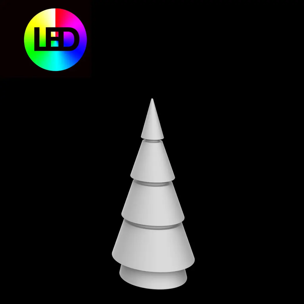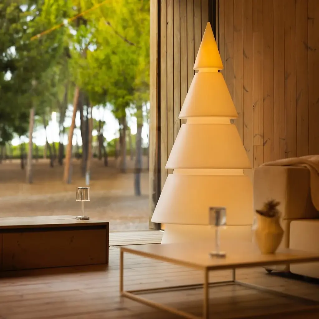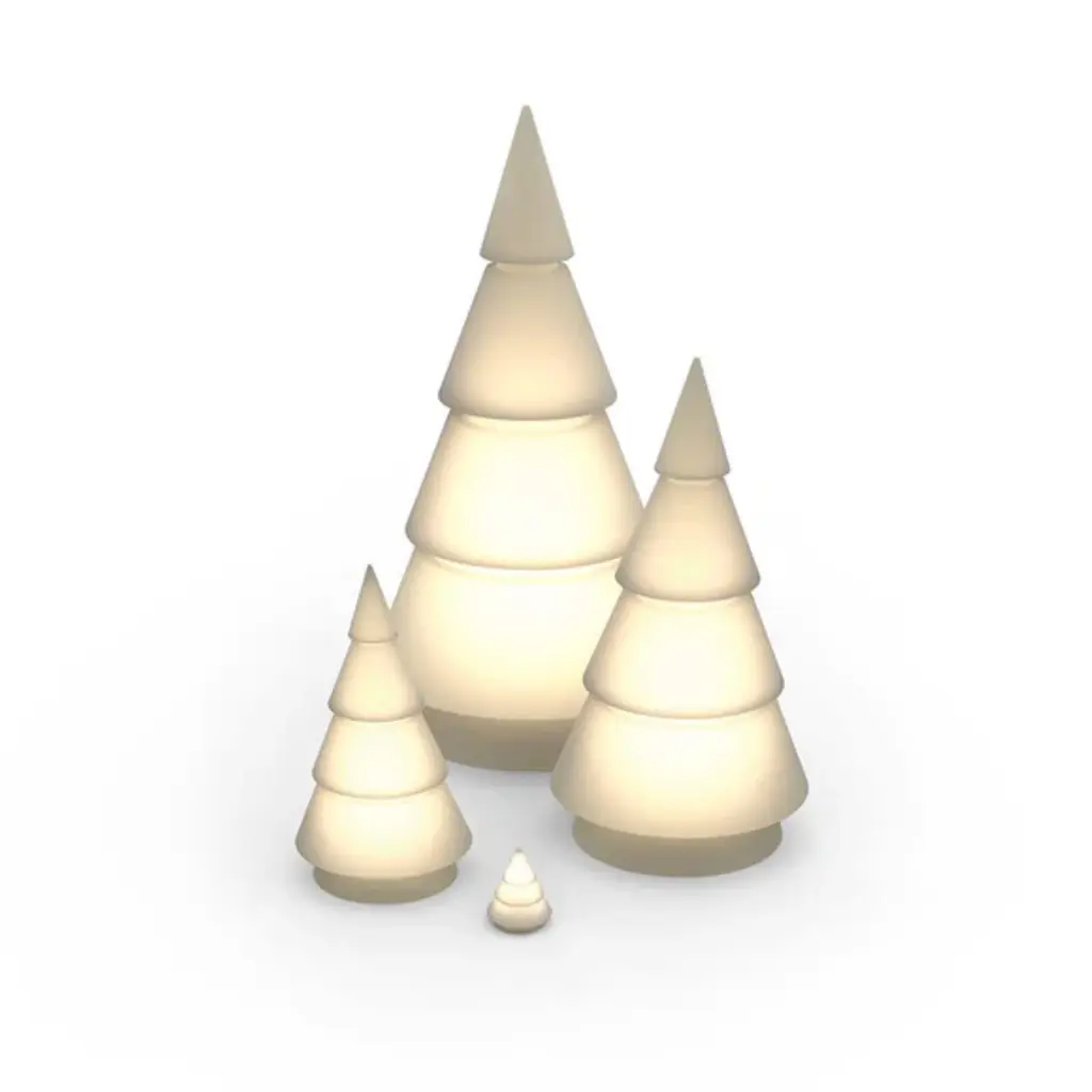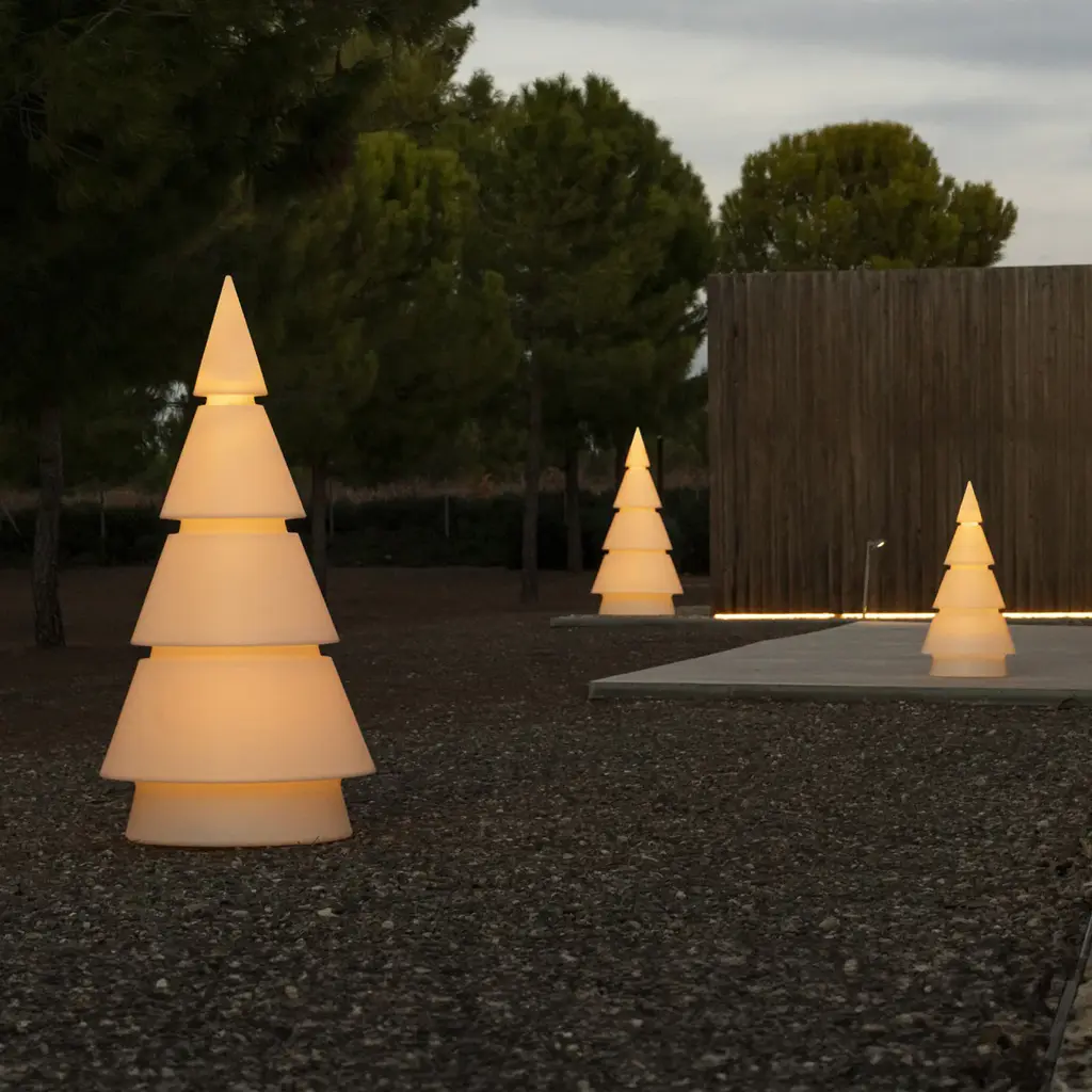 Ramón Esteve has designed for Vondom FOREST, a backlit piece shaped after a geometric abstraction of a Christmas tree. Its clean, depurated lines make FOREST a sober, timeless complement. The interior lighting, with a RGB LED bulb system, creates a surrounding atmosphere due to the use of light and color, which can be adjusted according to the moment and the ambiance desired. FOREST is the result of a severe formal synthesis. Its high-quality material makes this piece lightweight as well as resistant. It is perfect for both indoor and outdoor spaces. A magic tree that invites you to be immersed in the pure, beauty nature, together with your beloved ones, into this “illuminated forest” for such a special occasion as Christmas. Features
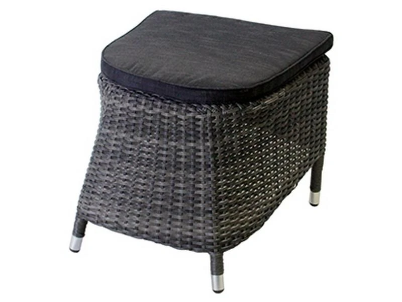 Deze handige voetenbank, wordt geleverd inclusief de waterafstotende kussen. Het frame is van aluminium, met daaromheen gevlochten een kunststof draad.
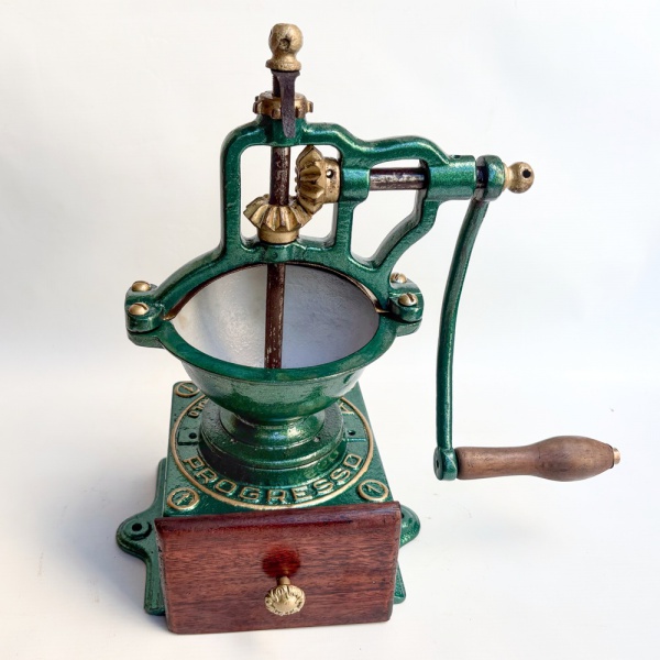 • Moedor de café da Fundição Progresso, todo em ferro com gaveta e punho em madeira, modelo 01.  Med 38 cm x 23 cm, funcionando, mas sem garantias.
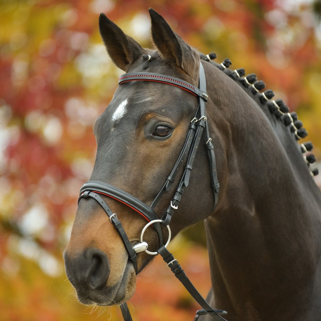 Uzdečka s anglickým kombinovaným nánosníkem, zdobená kamínky a barevným vypodložením.
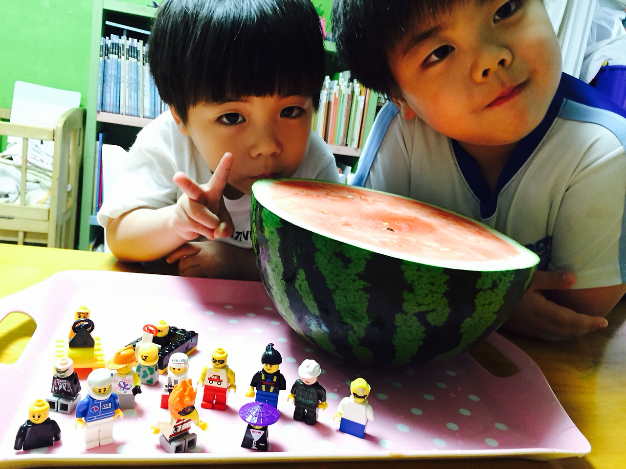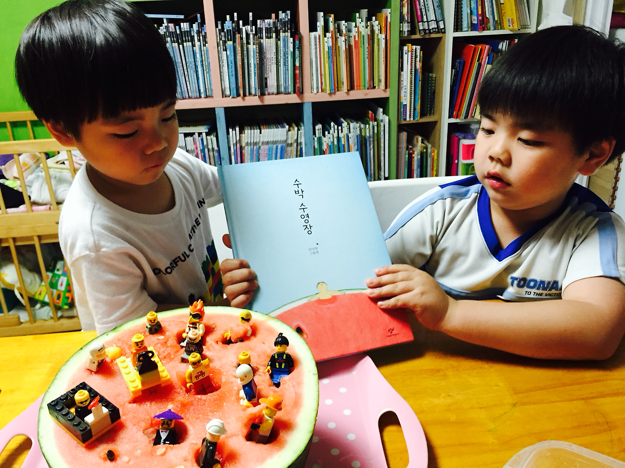 지온이가 좋아하는 수박 수영장.
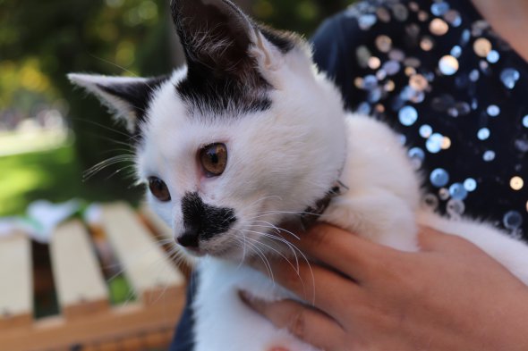 "Якісь безсовісні викинули 3-місячне котеня. Врятували його від голоду. Зараз шукаємо для нього хорошого господаря", - каже жіночка, одягнена у білий костюм. В руках тримає маленького котика, завернутого в рушник.
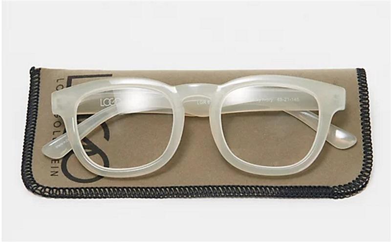 The squared signature frames feature designer details and LOGO imprints near the temples, while the soft case stylishly stores your new look when not in use.
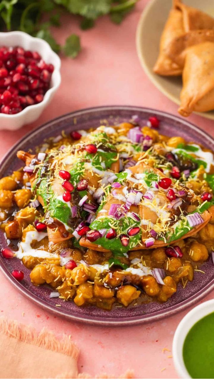 चिरलेला कांदा आणि टोमॅटो वरून पसरवा, ज्यामुळे चाट अधिक ताजी आणि चविष्ट लागते.
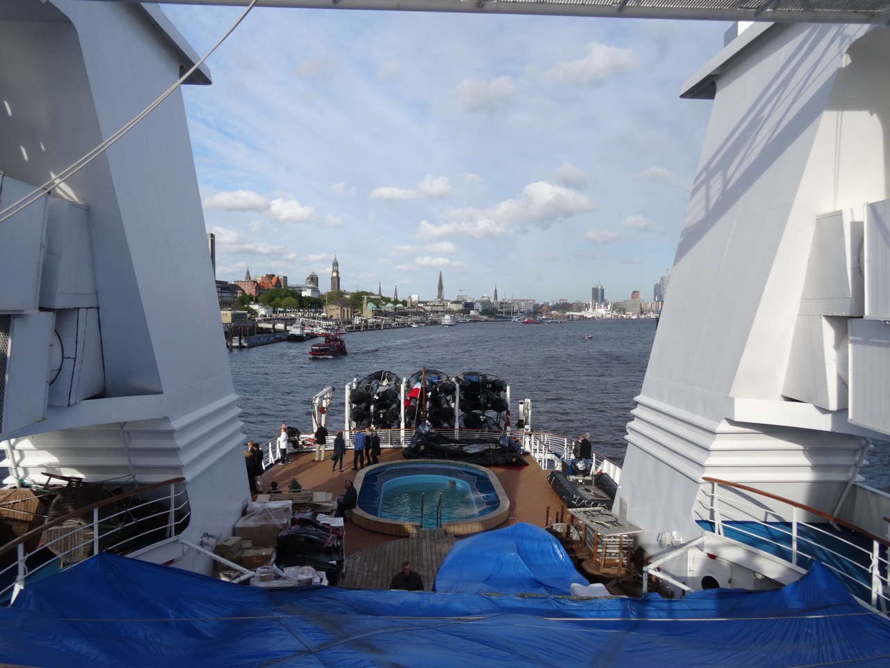 Am 13. Mai hatte die Öffentlichkeit in Hamburg die Chance das Schiff zu besichtigen, geladene Gäste, wie auch die Blogverfasserin durften sich am Abend umsehen, für eine Nacht die Kabinen testen und am Abend ein feines Dinner zur Feier dieser Schiffsübernahme geniessen.
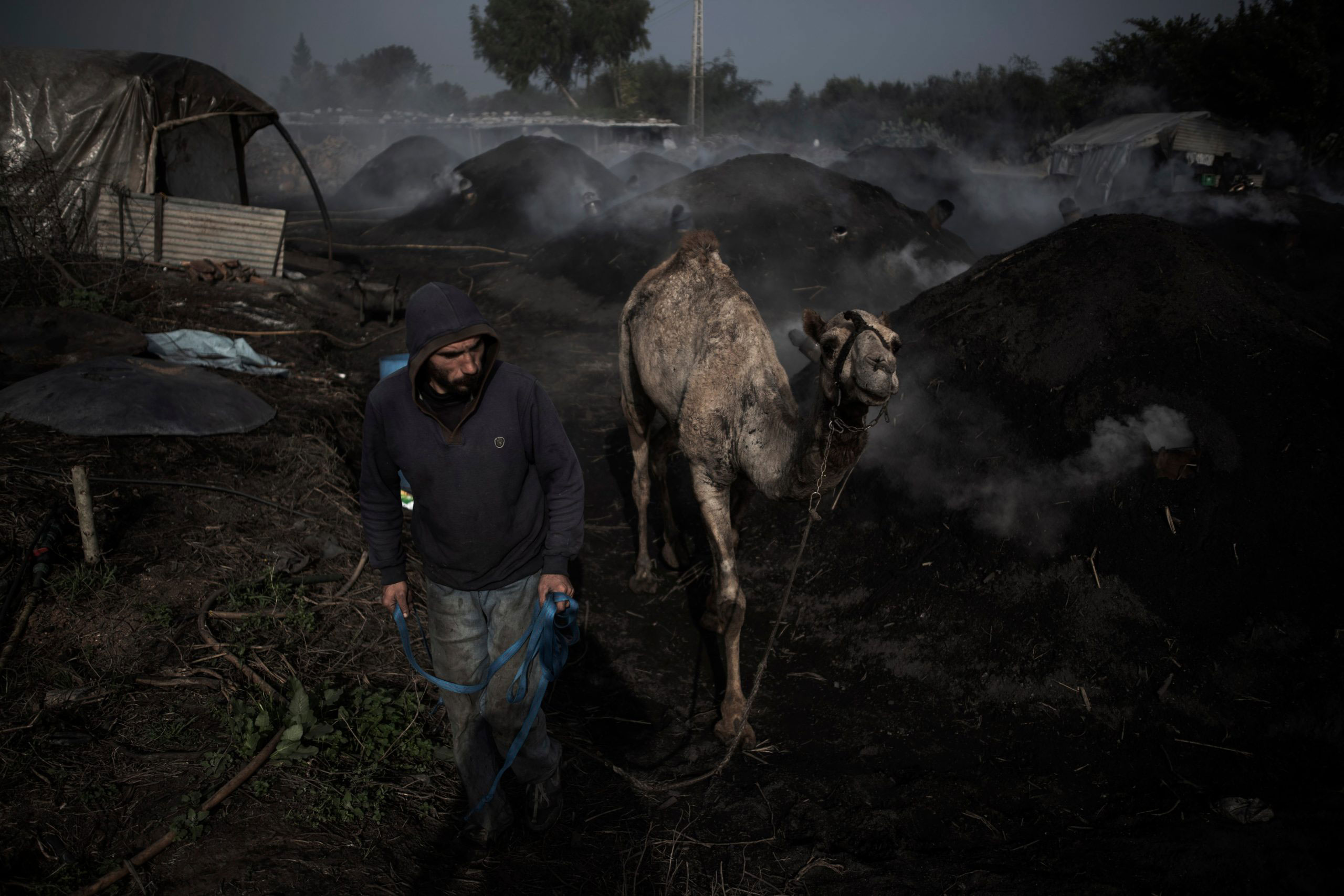 تصویری از یک فلسطینی در کارگاه سنتی تولید ذغال چوب / غزه / اسوشیتدپرس
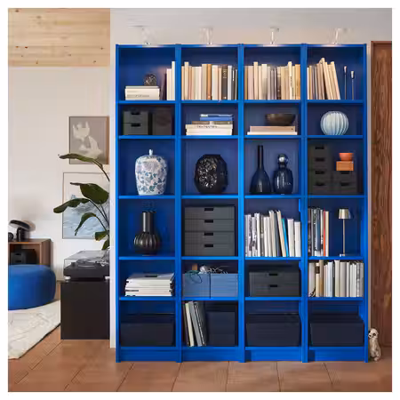 Простой и неизменно актуальный дизайн стеллажа БИЛЛИ легко адаптировать под себя при помощи коробок, подсветки и ваших любимых вещей.
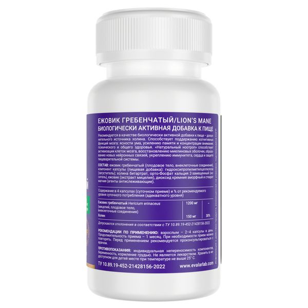 Ежовик гребенчатый 300 мг от Evalar Laboratory – это уникальный органический препарат, содержащий полный спектр грибов из мицелл, плодовых тел и внеклеточных соединений. Состав усилен холином - метаболическим предшественником важного нейромедиатора ацетилхолина.

● ● ●

* _EXERCISE GOAL_
From the records above, copy exactly the stretch from the line holding "завернутого в рушник." through the line holding "चिरलेला कांदा आणि", both ends included, without the pictures.

* _RESPONSE AREA_
 "Якісь безсовісні викинули 3-місячне котеня. Врятували його від голоду. Зараз шукаємо для нього хорошого господаря", - каже жіночка, одягнена у білий костюм. В руках тримає маленького котика, завернутого в рушник.
 The squared signature frames feature designer details and LOGO imprints near the temples, while the soft case stylishly stores your new look when not in use.
 चिरलेला कांदा आणि टोमॅटो वरून पसरवा, ज्यामुळे चाट अधिक ताजी आणि चविष्ट लागते.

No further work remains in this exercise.